The name was changed to Toyota, a word that you can write in eight brush strokes, and eight is a lucky number in Japan. And lucky numbers are given great importance in Japan.
The word Toyoda (literally: rich rice field) required ten strokes. "By the way," the firm said, "the word just sounded better."
The secret of Toyota
In their standard work 'The Machine that changed the world: the story of lean production', the authors tell how Toyota developed the renowned lean production (literally: lean production) after World War II, a system that companies around the world today – not without despair – trying to copy. Slim manufacturing is slim because it requires only half the people, half the factory space, half the investment in tools and half the time to make a new product.
And: 'The system leads to fewer errors and creates a greater and growing variety of products.' The terms known in Western business, such as quality circles (in Japanese kaizen) and just-in-time (in Japanese kanban) are derived from this system.
After the war, car manufacturers worked on the model of Henry Ford with a complete division of labor tasks. Each worker only had to perform a limited number of movements on the assembly line. The workers bore little responsibility and appeared to be weakly motivated.

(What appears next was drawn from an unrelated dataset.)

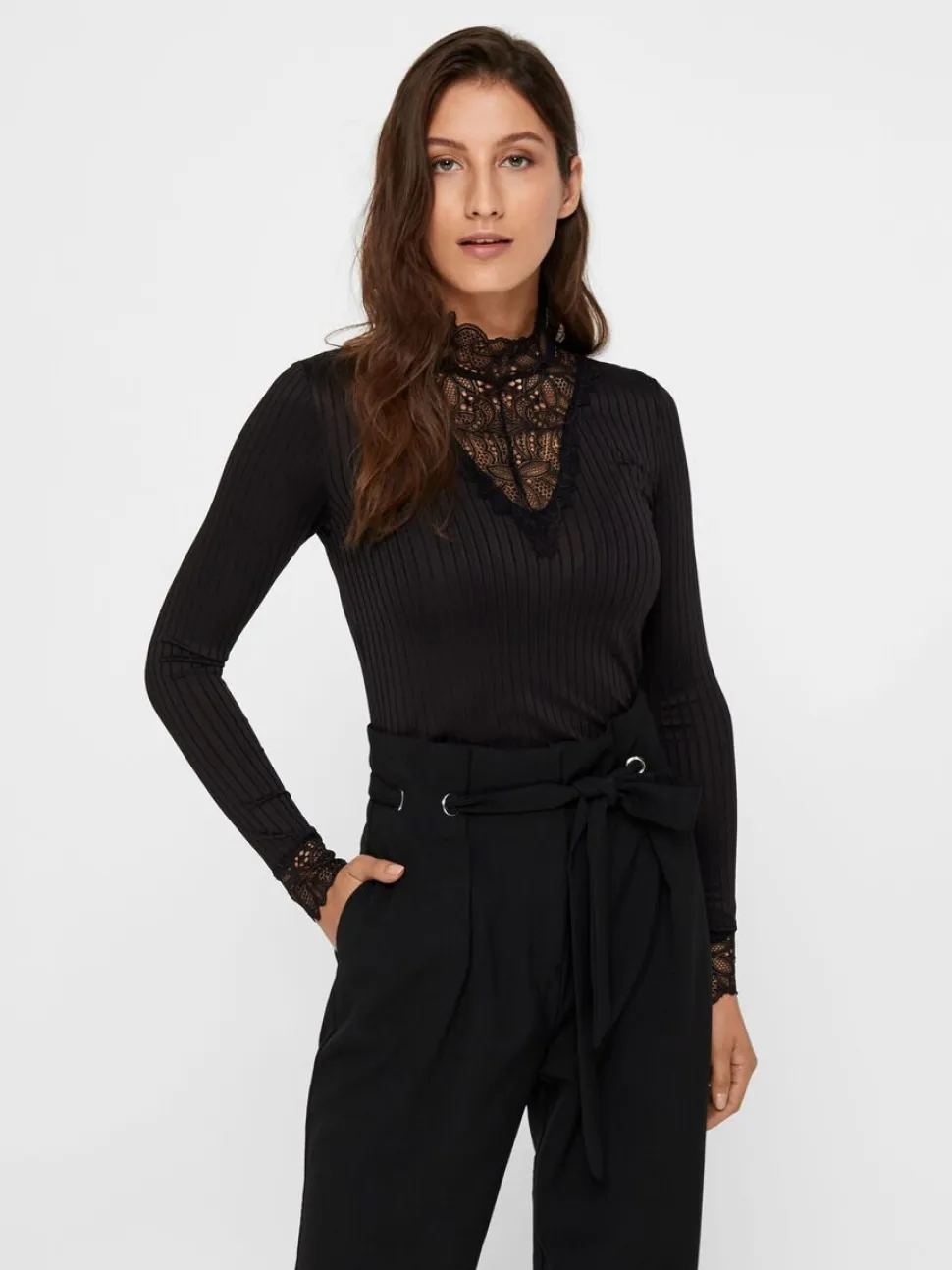 Y.A.S naisten pitkähihainen ribbikangas pusero. Puserossa v-kaula-aukossa ja hihoissa pitsiä yksityiskohtina. Puserossa korkea kaulus. Pusero on joustavaa materiaalia. Lisäksi puseron takana napitus.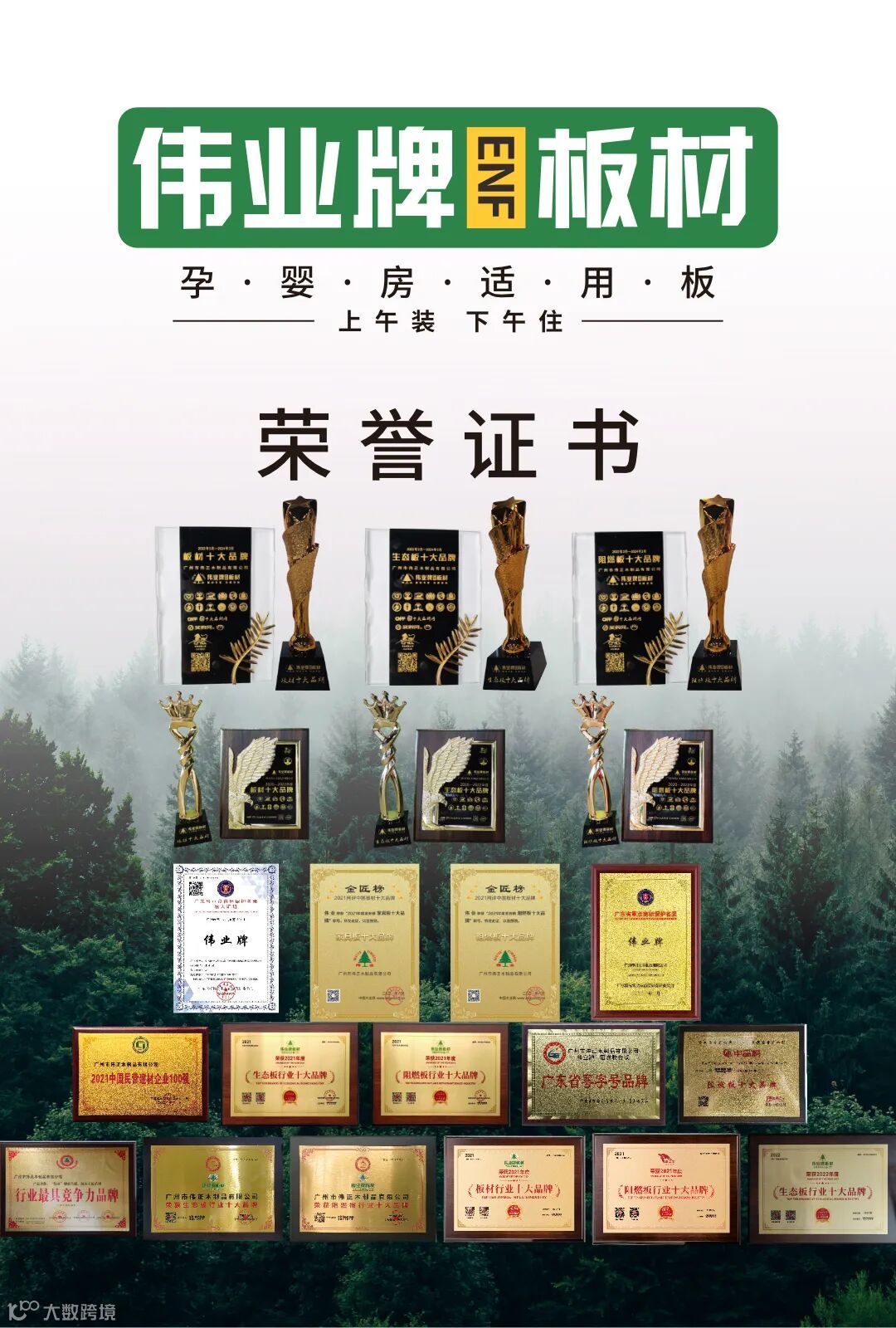 伟业牌ENF板材在将近30年的发展中,以品质立身,获得荣誉数不胜数,获得广东省名牌、广东省著名商标、粤港澳大湾区品牌100强、中国民营建材企业100强、板材十大品牌、欧松板十大品牌、生态板十大品牌、阻燃板十大品牌、家具板十大品牌等称号,经受住了时代和市场的多重考验,积累了深厚的品牌信任,成为千家万户有口皆碑的品质之选。

Fixing the mistakes that arose in between took a lot of time afterwards. So at Toyota, teams were formed with workers who were slowly but surely formed for all possible tasks, all-round forces.
One of them was a team leader and not so much foreman. One team could make a complete car. Any worker could and should stop the belt with a simple rope at any time he discovered an error.
It was then necessary to collectively think about how to avoid that mistake once and for all. That took a lot of time and patience, but it also paid off. Workers were given great responsibility.
This is how the 'quality circles' came into being, groups in which people thought about improving the product.
Because a car contains a total of 10,000 components that take up a lot of space and of which one is always missing, Toyota developed a sophisticated right-on-time program for the supply companies that made warehouses obsolete. Kiichiro Toyoda had picked up that idea as early as 1935 in American department stores, where perishable fruits and vegetables also had to be delivered 'right on time'.
In the meantime entire libraries have been written about this 'Toyotism'. Western concerns that in the eighties tried to fathom the secret of Japanese success, invariably ended up with Toyota.
The 'lean production' is not only deeply rooted in Japanese culture (groupthink), it has also been worked on for fifty years at Toyota. So that the system in the West can only be copied to a limited extent.